A parasite that spreads through human feces on your salad has sickened thousands of Americans across more than 30 states, and the federal agency responsible for keeping the food supply safe still cannot tell you where it came from.

This is the story the headlines aren't giving you. The New York Post and TODAY.com are both running with the visceral angle — "explosive diarrhea" — while the Boulder Daily Camera editorial board gently reminds you to wash your greens. What none of them are pressing is the obvious question: why is the American food supply, overseen by a billion-dollar regulatory state, repeatedly contaminated with human waste?

The numbers are staggering and the reporting is inconsistent. TODAY.com, citing state health departments, puts total cases at roughly 5,000 nationwide with 843 CDC-confirmed and 86 hospitalizations since May. The Post, citing the same CDC, reports more than 800 confirmed cases with over 1,500 additional suspected cases. Michigan is the epicenter either way — TODAY.com reports 3,309 cases in that state alone, while the Boulder Daily Camera cites "nearly 1,000 instances in two weeks." Ohio, New York, North Carolina, and Illinois are also seeing surges.

The pathogen is Cyclospora cayetanensis, a microscopic parasite that infects the small intestine after a person consumes food or water contaminated with feces from an infected individual. Symptoms — watery, sometimes explosive diarrhea, bloating, cramping, nausea — can last weeks and relapse. The CDC says it is not transmitted person to person.
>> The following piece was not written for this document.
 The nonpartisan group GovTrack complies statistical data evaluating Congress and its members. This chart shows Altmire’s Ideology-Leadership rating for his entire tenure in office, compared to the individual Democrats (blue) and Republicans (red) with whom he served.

Michigan health officials say early evidence points to lettuce or salad greens, but they cannot rule out other foods. Past outbreaks have been tied to raspberries, basil, cilantro, snow peas, and bagged salads. The CDC says it is unclear whether the current state clusters are even connected.

So let's take stock: the FDA exists to safeguard the food supply. The CDC exists to track and contain outbreaks. Both are funded by taxpayers. Neither can identify what is making Americans sick, where it came from, or how to stop it. Again.
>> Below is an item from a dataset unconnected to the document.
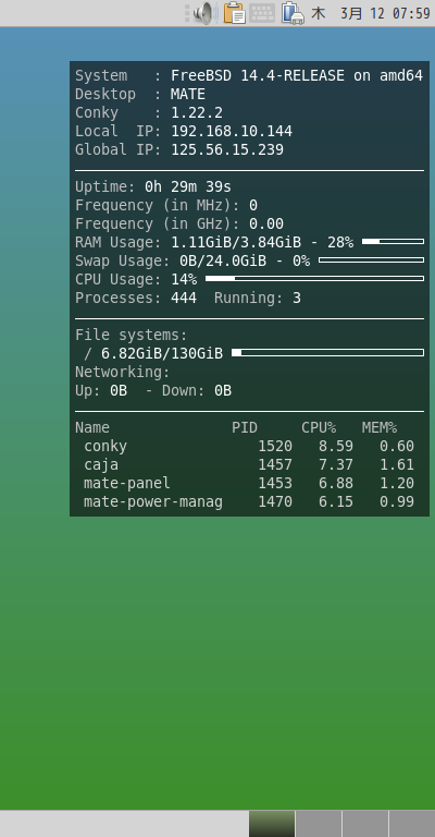 「インストール」「設定」「自動起動」の詳細に関しては、「共通事項 - タスクマネージャ Conky - FreeBSD の設定」の「FreeBSD 14.4 RELEASE」の項をご参照ください。

The Post framed the story as an urgent consumer warning — what to avoid, how to wash produce. TODAY.com ran the medical explainer angle with experts urging calm. The Boulder Daily Camera offered a gentle editorial nudge about salad season. All three buried the accountability question: who failed, and why?
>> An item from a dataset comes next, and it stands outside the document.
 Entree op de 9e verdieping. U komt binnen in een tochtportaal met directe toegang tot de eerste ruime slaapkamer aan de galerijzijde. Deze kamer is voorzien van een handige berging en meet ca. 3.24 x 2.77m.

"I'm annoyed at cyclospora," infectious disease expert Dr. Bruce Hirsch told WPIX, as quoted by the Post. "Cyclospora is contaminating the most healthful, delicious, seasonal foods there are." Annoyed is one word for it. Another is furious — at a regulatory apparatus that swallows billions and cannot trace a parasite from farm to table.

Every cyclosporiasis outbreak traces back to the same root cause: human feces on food. That points to sanitation failures somewhere in the supply chain — agricultural labor conditions, water quality, processing standards. These are questions the FDA is supposed to answer before Americans get sick, not after.

The press will keep warning you to wash your lettuce. The question is who is washing the system.